Yani dedi ki, 'yanlış anlaşıldım.' Yaptırım gücünü kullanamayacağını bizzat kendisi dile getirdi. Böylece İsrail konusu, iç politika konusu olarak elinde evirip çevirdiğini ilan etti.
Dış politika gerçekten çok ciddidir. Hükümeti yar
gıda, yasamada ve
dış politikada daha büyük bir ciddiyetle davranarak Türkiye'nin onurunu yükseltmeye davet ediyoruz.''
Güler, açıklamasının ardından
gazetecilerin sorularını yanıtladı.
Bir gazetecinin, ''Deniz Feneri konusunda nasıl bir yol izleyeceksiniz, belgeler mi açıklanacak, nasıl bir yöntem izlenecek?'' sorusu üzerine Güler, ''Eldeki bütün hukuki ve siyasi araçları kullanacağız.

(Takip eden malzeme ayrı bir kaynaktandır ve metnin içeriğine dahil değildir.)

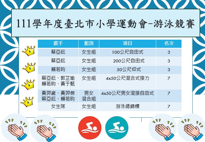 感謝游泳隊鄭叡澤教練、林育正教練、李佳旻教練、黃琇冠教練、林宥辰教練平時的訓練指導以及體育科李永祥老師協助帶隊參賽及機動支援賽事!
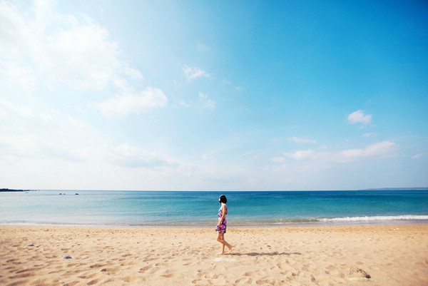 清早的阴天下的海水呈现出特别清凉的薄荷绿色,这就是最大的礼物了。
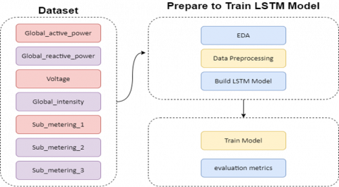 The research framework developed for this study is presented in this section; The method begins with a literature review and concludes with an assessment of the research's results. The literature review was aimed at looking for methods already in use for the prediction of household electric power usage. In the suggested methodology, there are 3 stages, and the output of each stage is used as the input for the next. Phase 1 is about the dataset reading while phase two is about pre-processing phase for preparing to train the LSTM- FDLE model. Finally, phase three is about model training and evaluation of the research achievements. Figure 1 depicts in detail the general methodology of the proposed LSTM- FDLE model.

Yalnızca CHP Genel Merkezi'nden yapılan açıklamalarla yetinmeyeceğiz, bütün il başkanlıklarımız da adliyelerin önüne giderek yapılan bu hukuksuzluğu ve yargının üzerine düşürülen lekeyi kendi il halklarına şikayet edecekler. Yani tüm örgüt olarak bir
protesto dalgası içinde yürüyoruz'' dedi.
-FÜZE KALKANI PROJESİ-
Güler, ''NATO tarafından Türkiye'ye yerleştirilmesi düşünülen
füze kalkanına'' ilişkin bir soru üzerine, ''Füze kalkanının olası, mümkün, çok tartışılır ama
evet İran'dan hareket edebilecek füzelere karşı İsrail'i savunmak amacıyla kurulduğunu ve bunun da Türkiye toprakları üzerinde kurulma izninin
iktidar partisine ait olduğunu vurgulamak istiyorum'' ifadesini kullandı.

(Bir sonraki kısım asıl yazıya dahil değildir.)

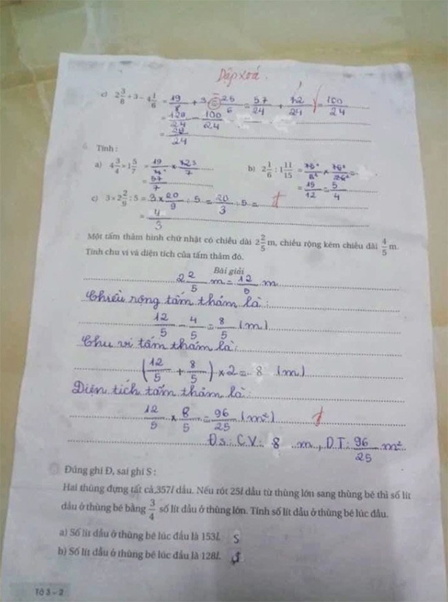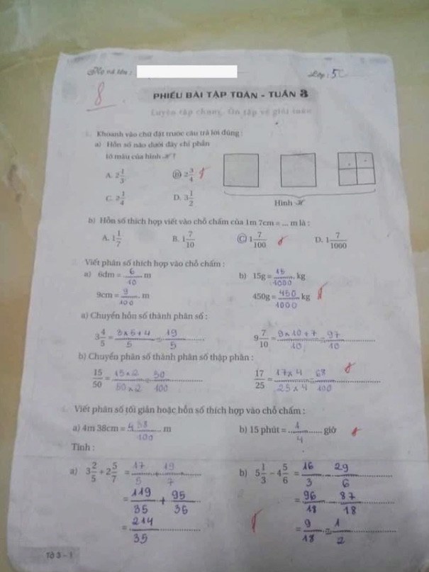 Bài làm của học sinh lớp 5 môn Toán chỉ đạt 8 điểm với lý do được cho là tẩy xoá.
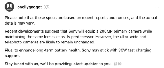 后续Oneilygadget称,他的发文基于最近的报道和预测,实际规格可能有所不同;他还表示,索尼也有可能将主摄升级为2亿像素,但镜头尺寸与上一代相同,但超广角和长焦规格可能保持不变,在快充功率方面,索尼为长期的电池健康考虑,可能持续使用30W的快充规格。

Güler, başka bir soru üzerine, BDP Genel Başkanı Selahattin Demirtaş'ın Kılıçdaroğlu'ndan randevu talebinin kendilerine ulaşmadığını, ulaşması durumunda değerlendireceklerini bildirdi.
Güler,
Ankara İl Yönetimi'nde kongre talebinin bugünkü toplantıda gündeme gelmediğini, yeni atanan Ankara İl Başkanı'nın yönetimini oluşturulması çalışmalarının sürdüğünü bildirdi.